Introduction: My Home Made Solar Cell

how to build a copper oxide solar cell with copper, glue, water, backing soda and a CD case
activate annotation on video for more information in english. coming soon a brief tutorial
The power output is less than 1mW but is measurable, help me to improve it!
Please excuse the errors in translation


pcaspian (author)2015-08-04

i like this :)

Berserk87 (author)2009-05-02

am i looking at this correctly....70V, 70? wow. what kinda amps do you get from that?

alessiof76 (author)Berserk872009-05-02

I am sorry but are only 70mv, 100mv with sunlight . It is the first cell that I have built I hope to improve it with your help

bobtannica (author)alessiof762009-06-21

As a follow up... 70mv at what amperage? BTW, very good 'able.

Spook-rabbit (author)bobtannica2009-08-22

well the amperage would depend entirely on what you hook up to it wouldn't it?

Voltage = Amperage x Resistance, wouldn't the Voltage be constant, but reliant on the sun light?

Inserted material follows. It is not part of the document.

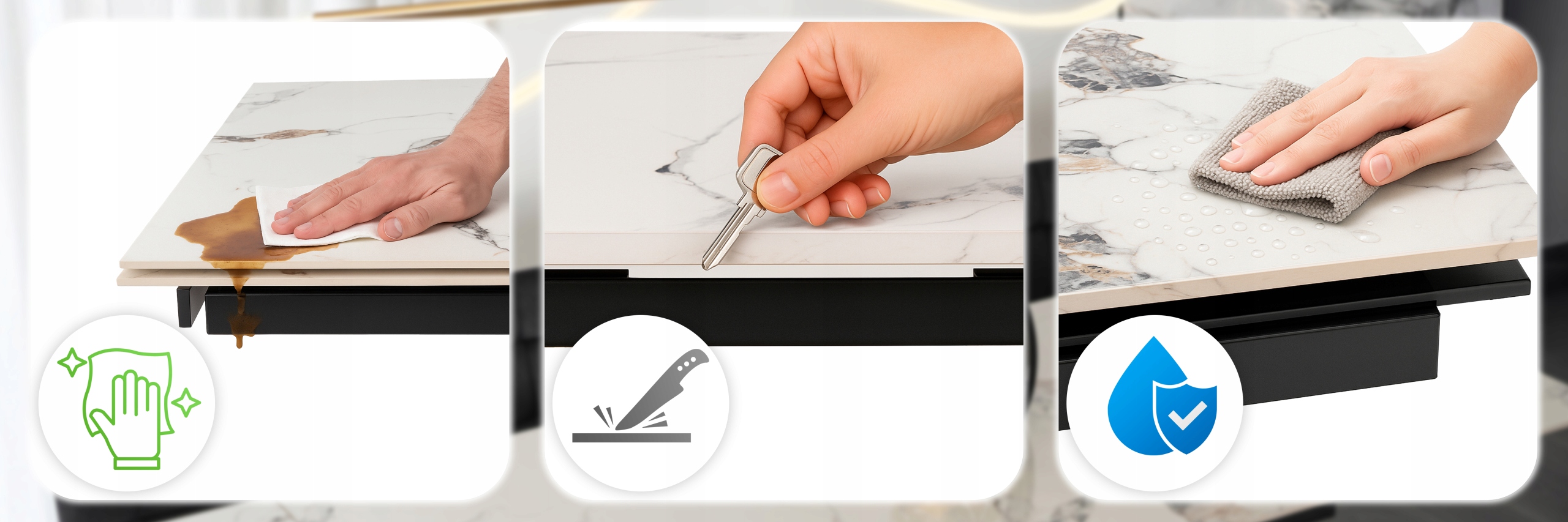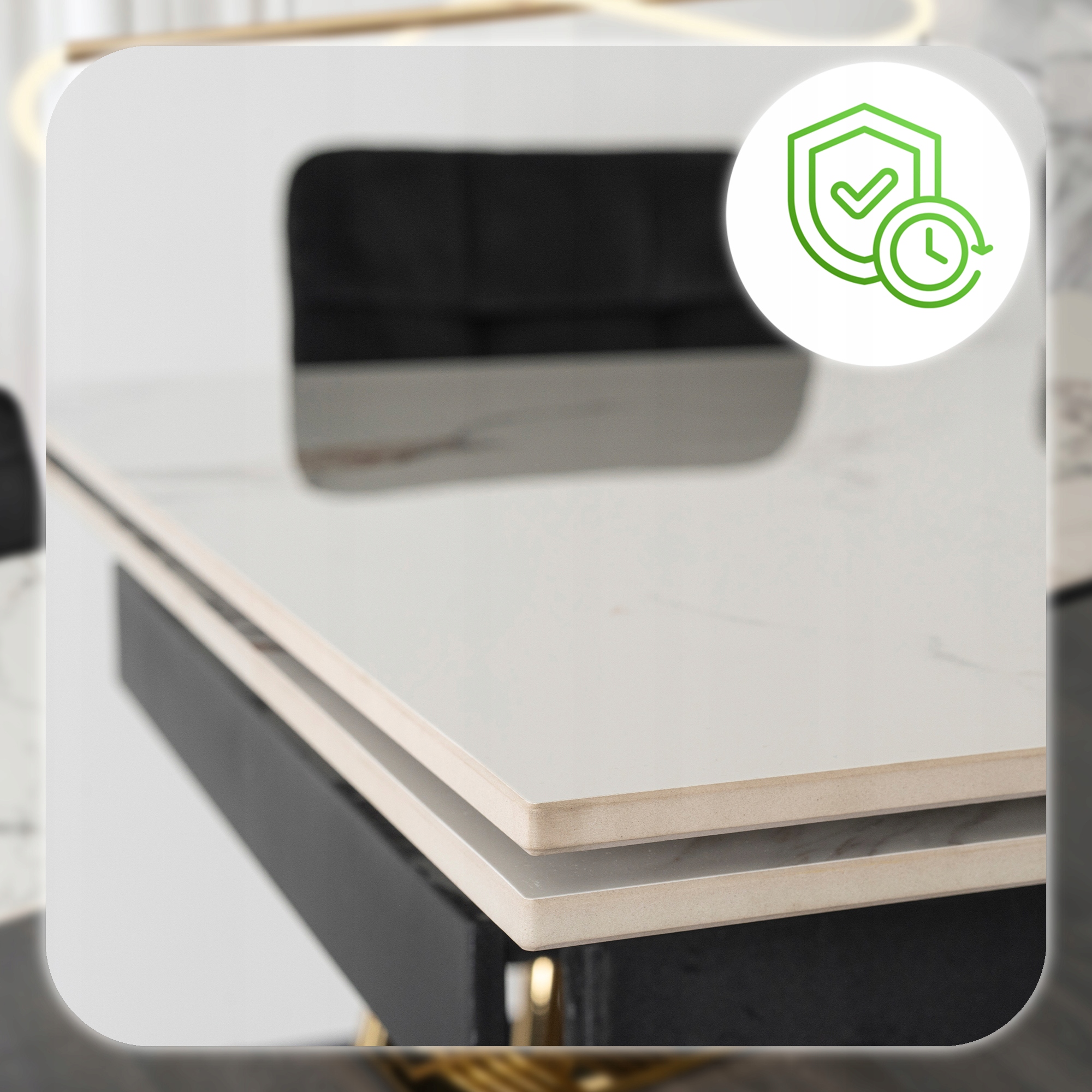 - Ceramika klasy premium – blat stołu jest niezwykle trwały, odporny na zarysowania i wysokie temperatury.

CoolKoon (author)Spook-rabbit2009-12-18

Not exactly. Ohm's law you're quoting anticipates an ideal power source (which would supply an unlimited amount of current and no matter how much power you draw the voltage won't drop). So in this case it's 70mV to 100 mV open-circuit voltage, that is voltage you measure with your voltmeter when you don't connect anything to the source. If you'd connect any load to the cell (even a VERY small one), the voltage would drop. This happens to every real electric source (even you wall plug, but the fuses prevent you from doing this as else the lines in your wall would get too hot from the overcurrent and burn down your house). You can't test it with your 110/230V wall sockets, but with an adaptor you can. Just measure the voltage coming out of it without connecting it to any load and then connect a load. The latter will be lower.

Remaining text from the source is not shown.